Può scaturire da una vendetta nei confronti dell'ex partner e trasformarsi in una tragedia per chi ne è vittima: il revenge porn diventa reato anche in Italia. Ce ne parla il professore Salvatore Aleo.
Nell’era moderna, in cui tutto è interconnesso e non esistono limiti di spazio né di tempo, i contenuti condivisi in rete sono visibili e fruibili da tutti. Sono diversi i vantaggi che derivano da ciò, ma tante sono anche le problematiche. Cosa accadrebbe, infatti, se delle immagini condivise in una chat “privata” con un amico o con il fidanzato venissero poi ricondivise in rete senza l’autorizzazione dell’interessato? Sicuramente verrebbero lese l’immagine e la dignità della vittima.
Le conseguenze sarebbero ancora più preoccupanti se le immagini mostrassero la vittima in momenti intimi, in attività sessuali o in pose sessualmente esplicite. Si tratterebbe in questo caso di “Revenge porn”, ovvero vendetta sessuale, un comportamento che, dal 9 agosto 2019, costituisce reato anche in Italia. Il nuovo reato è stato introdotto all’interno del codice penale con l’art. 612 ter che disciplina proprio la “diffusione illecita di immagini o video sessualmente trasmissibili”.
Sono diversi i casi avvenuti proprio in Italia che hanno spinto il Parlamento ad introdurre il reato di revenge porn, già riconosciuto in altri Stati, come Germania, Israele, Regno Unito e 34 Stati degli Usa.
Viene considerato autore del revenge porn non solo chi realizza direttamente le foto o i video, ma anche chi li diffonde, li pubblica o li cede senza il consenso dell’interessato, solo per danneggiarlo. In questo modo, viene punito anche chi si “limita” a diffonderne il contenuto. La pena prevista dalla norma è la reclusione da uno a sei anni e la multa da 5000 a 15000 euro. La legge prevede, inoltre, un inasprimento della pena se i fatti sono commessi dal coniuge o da chi è stato legato da una relazione affettiva, anche conclusa, con la vittima e se vengono utilizzati strumenti informatici.
Obiettivo della nuova fattispecie di reato è, infatti, limitare un fenomeno umiliante che condiziona inevitabilmente la vita delle vittime.
Spesso le immagini o i video sono diffusi proprio da chi è più vicino alla vittima, come il coniuge o un ex fidanzato che vuole vendicarsi dell’ex partner rendendo virali i contenuti. Molte volte, oltre alla condivisione illecita, la persona è costretta a subire delle minacce che possono anche sfociare nel reato di stalking. L’impatto psicologico che il reato di revenge porn genera nelle vittime le ha spesso spinte a non denunciare il fatto, a causa della vergogna provata. La speranza è che il nuovo reato faccia sentire più tutelate le persone offese, inducendole a presentare querela.
Sull’argomento abbiamo intervistato il professore Salvatore Aleo, docente di diritto penale presso il Dipartimento di scienze politiche dell’Università di Catania.
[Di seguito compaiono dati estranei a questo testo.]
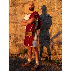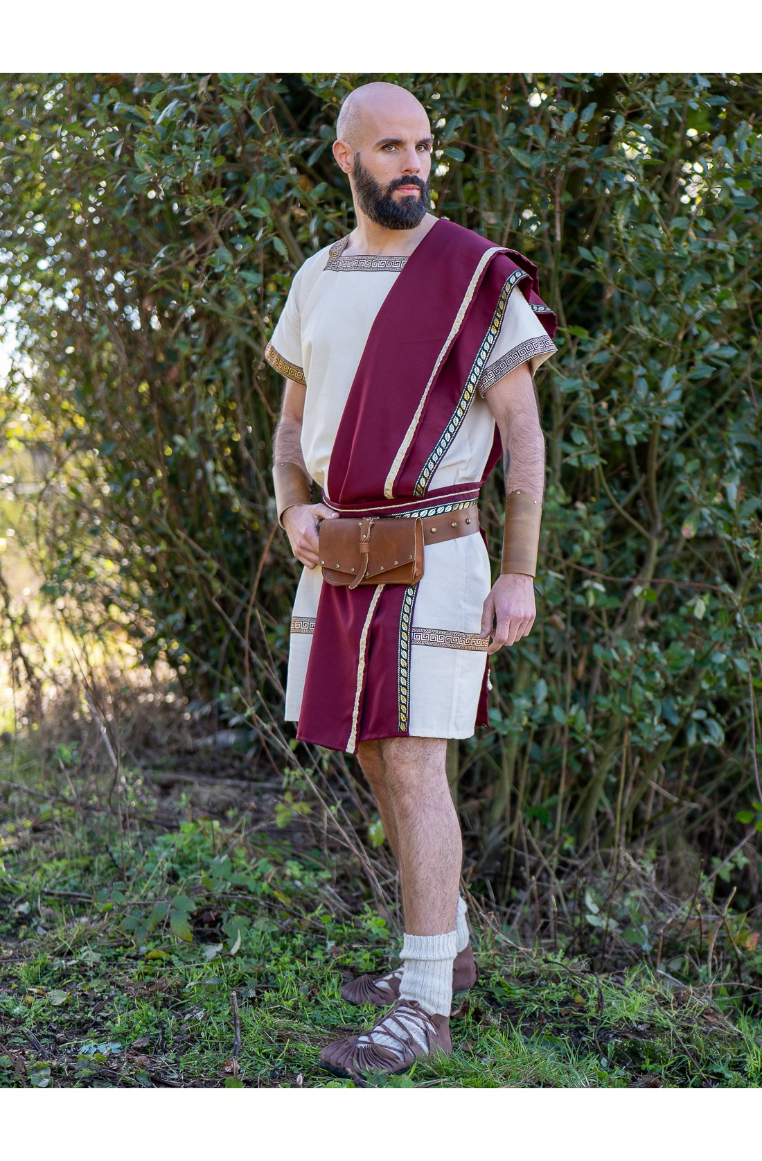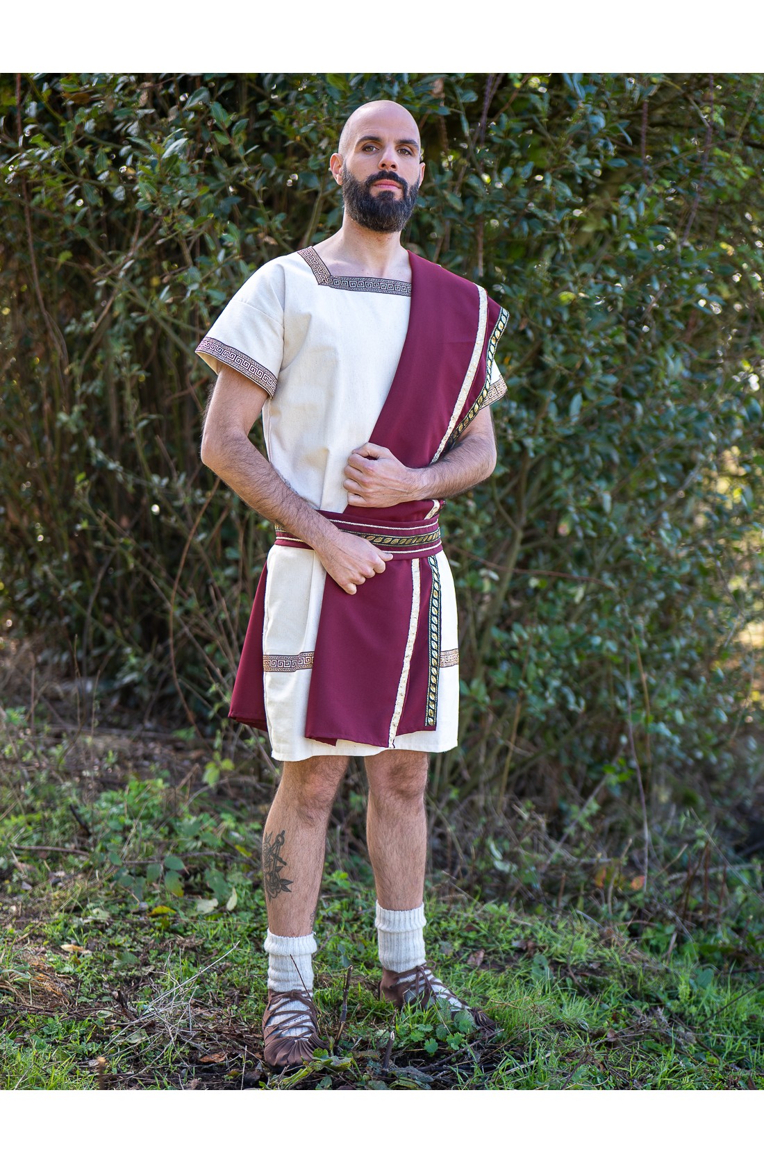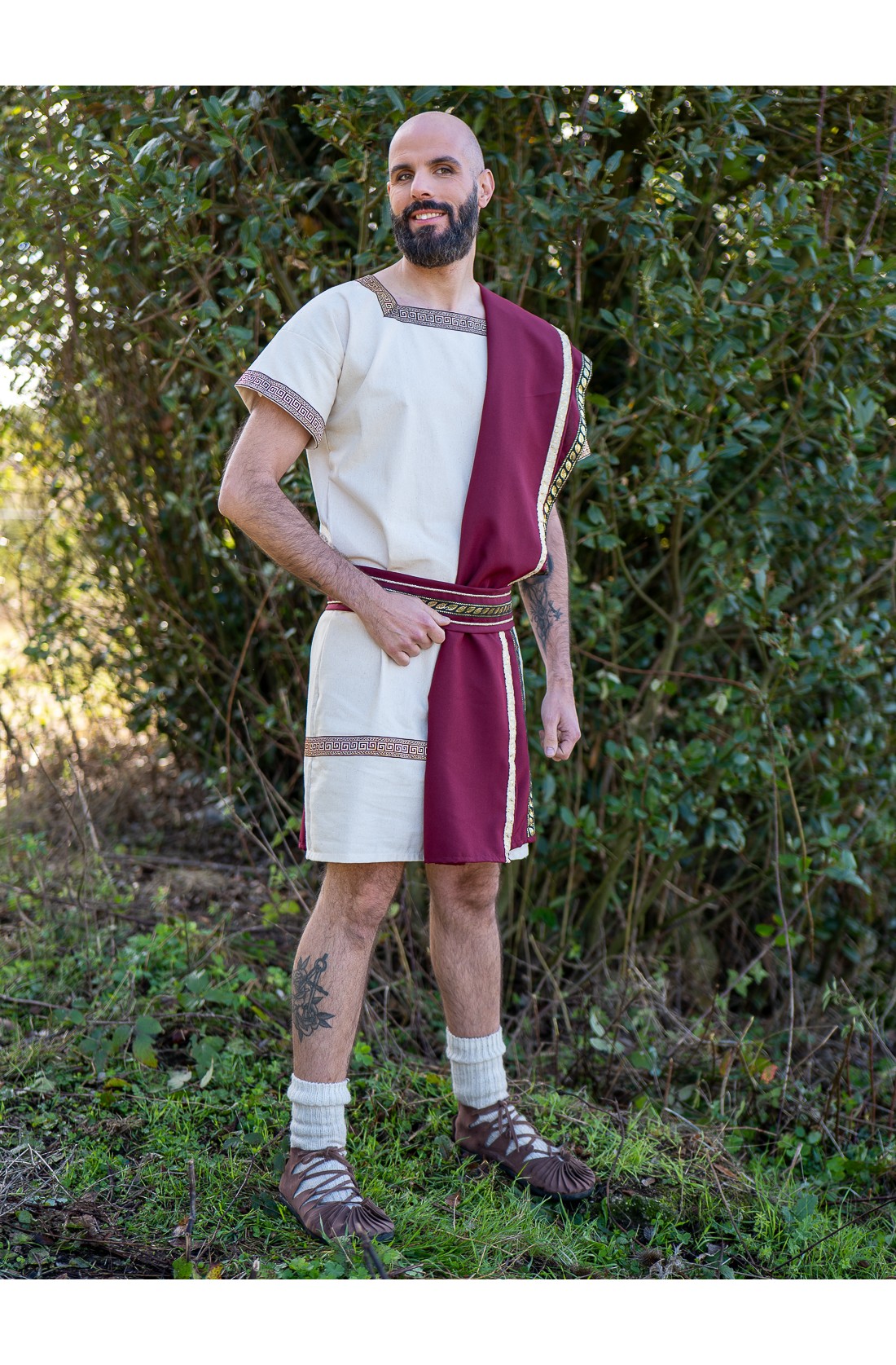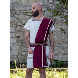 Túnica en color crudo confeccionada en los talleres de Yutecrea, pensada para recreación romana y eventos como Arde Lucus. Lleva un galón geométrico en el cuello, las mangas y el bajo, que aporta ese toque tan propio de las representaciones romanas. La toga burdeos acompaña muy bien la prenda principal y descansa sobre el hombro. El conjunto se completa con un cinturón que ajusta la silueta, una vestimenta adecuada para personajes civiles o para papeles de mayor rango dentro de la ambientación romana.

Il professore Aleo ha espresso le sue perplessità sull’introduzione del nuovo reato e sull’aggravante della pena, invitandoci a riflettere sull’intero sistema penale italiano.
“Questi comportamenti – esordisce il professore Aleo – nascono prevalentemente dentro le dinamiche di coppia. Spesso hanno origine in comportamenti ingenui e irresponsabili, che sono commessi dai ragazzini e dalle ragazzine. Si tratta certamente di una condotta orrenda e disgustosa, meritevole di repressione penale. La perplessità che ho, però, è di carattere generale e sistematico: pensiamo di risolvere tutti i problemi della nostra società, anche quelli indotti dalle nuove tecnologie, con interventi di tipo penalistico. Questo è motivo, per me, di dissesto e di preoccupazione.”
“Lo strumento penale – continua il professore – è uno strumento cruento che deve essere infallibile. Ho dubbi e perplessità sul se la questione debba essere affrontata prevalentemente con uno strumento penalistico e sul tipo di risposta data. La pena con l’aggravante arriva fino ad 8 anni ed è una pena severa, considerato che l’ipotesi normale finisce per essere quella aggravante.”
“Tutti i problemi della civiltà, della comunicazione, dell’educazione non possono essere risolti con strumenti penalistici – conclude Aleo –. È preoccupante perché è il segno che non si riesce ad incidere sui fenomeni con percorsi educativi e culturali. Queste manovre sarebbero più importanti delle manovre penalistiche.”
Gli interventi da effettuare, quindi, sono anche di altro tipo: appositi percorsi educativi all’interno delle scuole servono a dare l’esempio e ad indirizzare i giovani ad un uso più consapevole di internet e dei social network.